There's a lot happening. In the last six weeks alone: Zuckerberg announced "agentic shopping tools" on a January earnings call, Reddit's COO used the phrase "agentic commerce" on a February earnings call, Alibaba ran 120 million orders through a chat interface in six days, and Google took the stage at NRF with Walmart's CEO to launch a universal commerce protocol. Microsoft was there too. Visa and Mastercard are building agent payment rails. Stripe partnered with OpenAI. Amazon is running its own shopping agent while simultaneously blocking external agents from accessing its listings.

That's all in the first 53 days of 2026.

Before getting into what it means, it's worth actually looking at what's being built — because the announcements are real and the underlying moves are bigger than the headlines.


What's Actually Getting Built

Meta is the one that surprised me most. Nobody in the agentic commerce conversation is properly tracking them. They're framed as an AI ads story, or an AI glasses story. But Zuckerberg used the exact phrase "agentic shopping tools" on the Q4 earnings call in January — describing agents that search Meta's advertiser catalog based on user history, interests, and relationships. That's the world's richest behavioral graph running in reverse. For 20 years Meta matched ads to people. Now they're flipping it: matching people's needs to products.

Then Susan Li, the CFO, said the Business AIs already live inside WhatsApp — currently at over 1 million weekly conversations in Mexico and the Philippines — are going to move from answering product questions to "help people get things done right within WhatsApp." That's transaction language. WhatsApp paid messaging crossed a $2 billion annual run rate in Q4, and the roadmap is to expand it to full transactions. They also acquired Manus in December for $2-3 billion — an autonomous AI agent with $100M+ ARR that can execute multi-step tasks end-to-end. That fills the last gap in the stack: they have the social graph, the product catalog, the messaging surface, and now an agent that can actually complete the purchase.

3.3 billion daily active users. $115-135 billion in CapEx planned for 2026. They are not hedging.

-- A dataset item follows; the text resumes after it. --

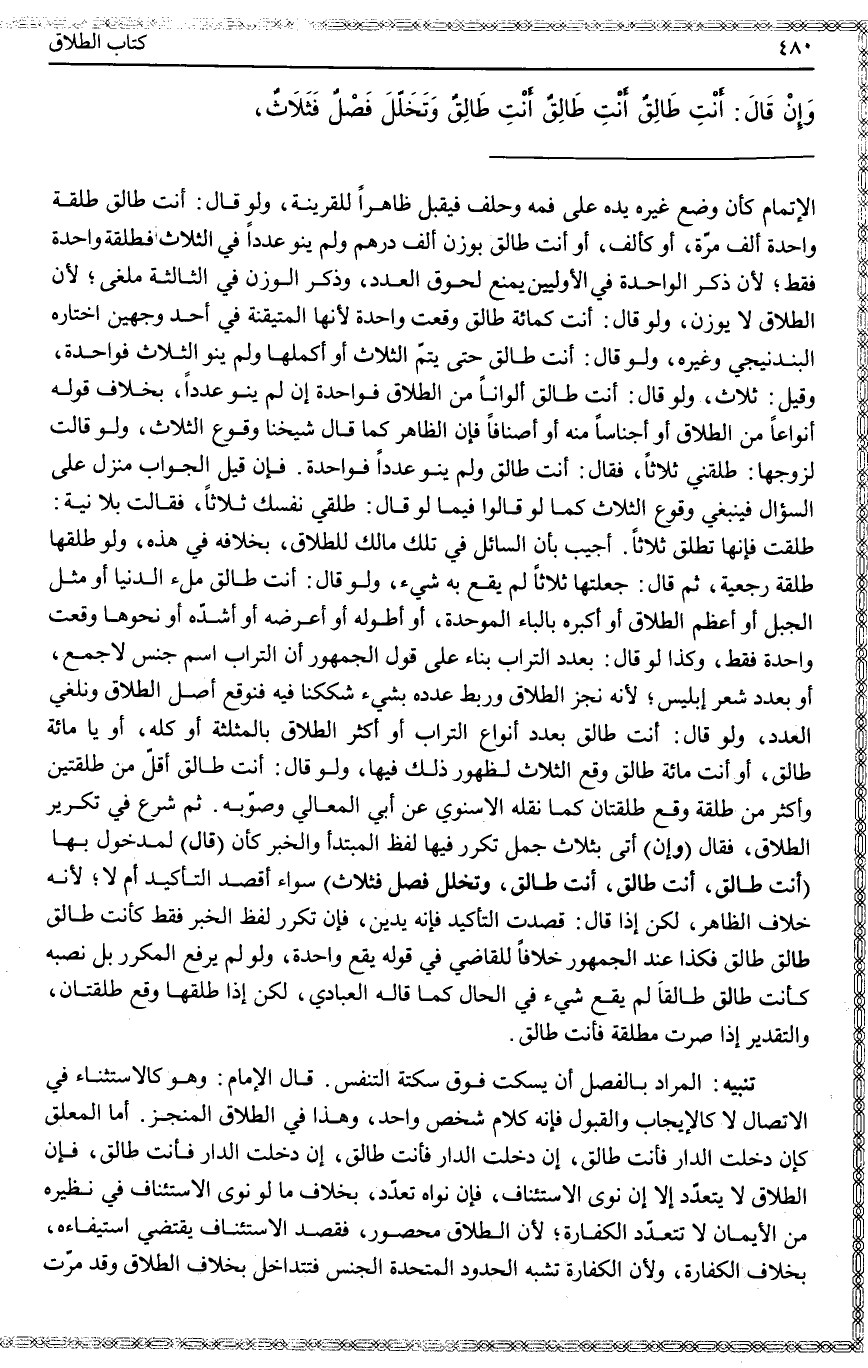 تَنْبِيهٌ: الْمُرَادُ بِالْفَصْلِ أَنْ يَسْكُتَ فَوْقَ سَكْتَةِ التَّنَفُّسِ. قَالَ الْإِمَامُ: وَهُوَ كَالِاسْتِثْنَاءِ فِي الِاتِّصَالِ لَا كَالْإِيجَابِ وَالْقَبُولِ فَإِنَّهُ كَلَامُ شَخْصٍ وَاحِدٍ، وَهَذَا فِي الطَّلَاقِ الْمُنَجَّزِ. أَمَّا الْمُعَلَّقِ كَإِنْ دَخَلْت الدَّارَ فَأَنْتِ طَالِقٌ، إنْ دَخَلْت الدَّارَ فَأَنْتِ طَالِقٌ، إنْ دَخَلْت الدَّارَ فَأَنْتِ طَالِقٌ، فَإِنَّ الطَّلَاقَ لَا يَتَعَدَّدُ إلَّا إنْ نَوَى الِاسْتِئْنَافَ، فَإِنْ نَوَاهُ تَعَدَّدَ، بِخِلَافِ مَا لَوْ نَوَى الِاسْتِئْنَافَ فِي نَظِيرِهِ مِنْ الْأَيْمَانِ لَا تَتَعَدَّدُ الْكَفَّارَةُ؛ لِأَنَّ الطَّلَاقَ مَحْصُورٌ، فَقَصْدُ الِاسْتِئْنَافِ يَقْتَضِي اسْتِيفَاءَهُ، بِخِلَافِ الْكَفَّارَةِ؛ وَلِأَنَّ الْكَفَّارَةَ تُشْبِهُ الْحُدُودَ الْمُتَّحِدَةَ الْجِنْسِ فَتَتَدَاخَلُ بِخِلَافِ الطَّلَاقِ وَقَدْ مَرَّتْ

Reddit is already testing an AI-powered shopping search tool with select users in the US. Search for a product recommendation and you get interactive carousels — prices, product images, direct retailer links — drawn from recommendations people have shared in actual Reddit posts and comments. The results connect to Reddit's advertising and shopping partners, creating a direct line from community discussion to purchase. Weekly search users grew from 60 million to 80 million over the past year, and CEO Steve Huffman called AI search "a significant business opportunity."

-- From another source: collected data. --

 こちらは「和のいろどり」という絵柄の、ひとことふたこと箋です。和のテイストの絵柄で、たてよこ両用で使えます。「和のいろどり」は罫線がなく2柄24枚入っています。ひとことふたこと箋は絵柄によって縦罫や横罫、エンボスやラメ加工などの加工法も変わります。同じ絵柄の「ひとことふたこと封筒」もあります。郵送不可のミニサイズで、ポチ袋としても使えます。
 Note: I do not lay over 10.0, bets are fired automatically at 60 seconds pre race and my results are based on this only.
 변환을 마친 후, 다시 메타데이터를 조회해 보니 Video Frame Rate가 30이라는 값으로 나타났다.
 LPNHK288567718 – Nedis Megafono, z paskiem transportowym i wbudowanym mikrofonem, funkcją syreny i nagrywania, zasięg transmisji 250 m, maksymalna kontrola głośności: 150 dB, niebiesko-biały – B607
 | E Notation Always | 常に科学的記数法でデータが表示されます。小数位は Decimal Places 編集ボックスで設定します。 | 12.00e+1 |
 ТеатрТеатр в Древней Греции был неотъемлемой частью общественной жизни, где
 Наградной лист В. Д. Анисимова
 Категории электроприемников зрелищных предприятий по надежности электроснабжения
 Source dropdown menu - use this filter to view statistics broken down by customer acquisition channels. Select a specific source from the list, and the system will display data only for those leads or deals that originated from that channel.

But the strategic argument is what makes Reddit interesting. COO Jennifer Wong said on the Q4 earnings call: "The execution of [the last click] could be commoditized, frankly, because that's where the agent will get the job done. But the human, the last point of decision-making of what to buy and allocating resources, is at the recommendation, and Reddit has the best recommendations for products and services." She's saying: we're not the checkout layer, we're the trust layer. LLMs already cite Reddit in over 40% of responses. Reddit Answers grew from 1 million to 15 million weekly users. If agents are pulling product recommendations from somewhere, Reddit is positioning to be that somewhere.

China is not experimenting. While Western platforms are running pilots and announcing protocols, Alibaba ran the whole stack — discovery, comparison, checkout, payment — inside the Qwen chat interface during Chinese New Year. 120 million orders in six days starting February 6. Daily active users surged 727% on day one. Alipay's AI Pay hit 120 million transactions in a single week and 100 million total users over the holiday. They launched the Agentic Commerce Trust Protocol in January — an open framework connecting AI apps to commerce platforms and payment rails through a single integration.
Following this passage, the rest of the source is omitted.